# Shimano Ultegra 6870 Di2 on a 2012 Cannondale SuperSix ?



## aindriu80 (Sep 15, 2012)

Hi,

I was just wondering if it was possible to fit the 6870 Di2 on a 2012 Cannondale SuperSix ? It has no internal wiring. I think the 6870 Di2 has a new round long battery that only goes in the seat post. I don't think I could get a wire out of the top of the seat post

Here is an internet picture of my 2012 cannodale supersix


----------



## WheresWaldo (Nov 29, 2005)

I actually own a 2013 Ultegra Di2 SuperSix EVO. I am pretty sure the 2012 uses a 27.2 mm seatpost just as the 2013 does and you can get the wires down the seat tube toward the bottom bracket. The internal battery should fit inside the stock FSA seatpost.


----------



## aindriu80 (Sep 15, 2012)

can you see the pictures ?



















https://www.dropbox.com/s/eoh5rk1k5g1cku7/DSC_0183.JPG?dl=0

https://www.dropbox.com/s/tpaubhxgh151whv/DSC_0184.JPG?dl=0

I think the diameter is around 34mm or just under. 

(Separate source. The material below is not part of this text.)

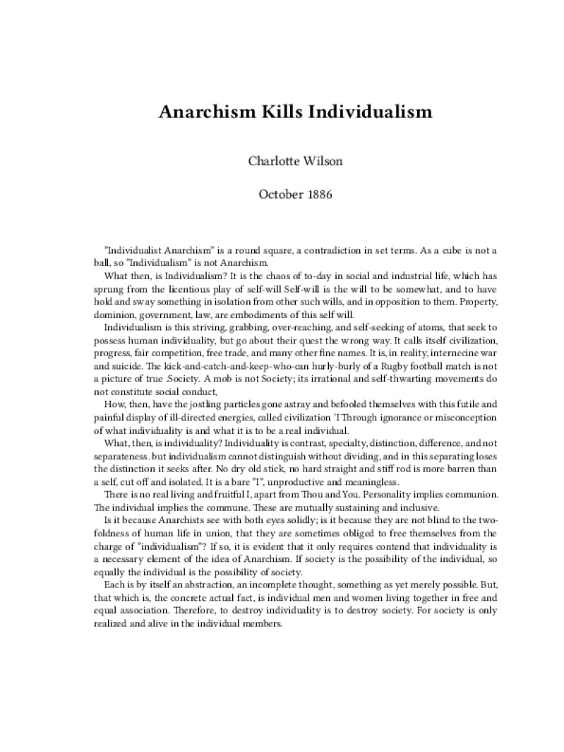 Zine Anarchism Kills Individualism Author: Charlotte WilsonPublished: October 1886Language: enCatalog: The Anarchist Library4 pages. Read online: html • pdf •imposed pdf • a4 pdf • epub • muse • tex Share: We mail all zines to incarcerated people for free.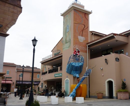 駅からアウトレットモールに続く歩道には大きなクリスマスツリーが飾ってあり、街路樹のイチョウは綺麗に紅葉していました。夜に来たらイルミネーションが綺麗そうだなぁ~

I'm not sure how to connect the wires on the inside to the battery, there is only one small hole (for a mechanical metal gear cable) in the tube.


----------



## aindriu80 (Sep 15, 2012)

Attached picture is taken under the bike. There is two holes, one is the cable for front derailleur. Its a bit small but maybe its connected to the seat tube.

I've see a few people drilling a hole for the battery but it voids the warranty.


----------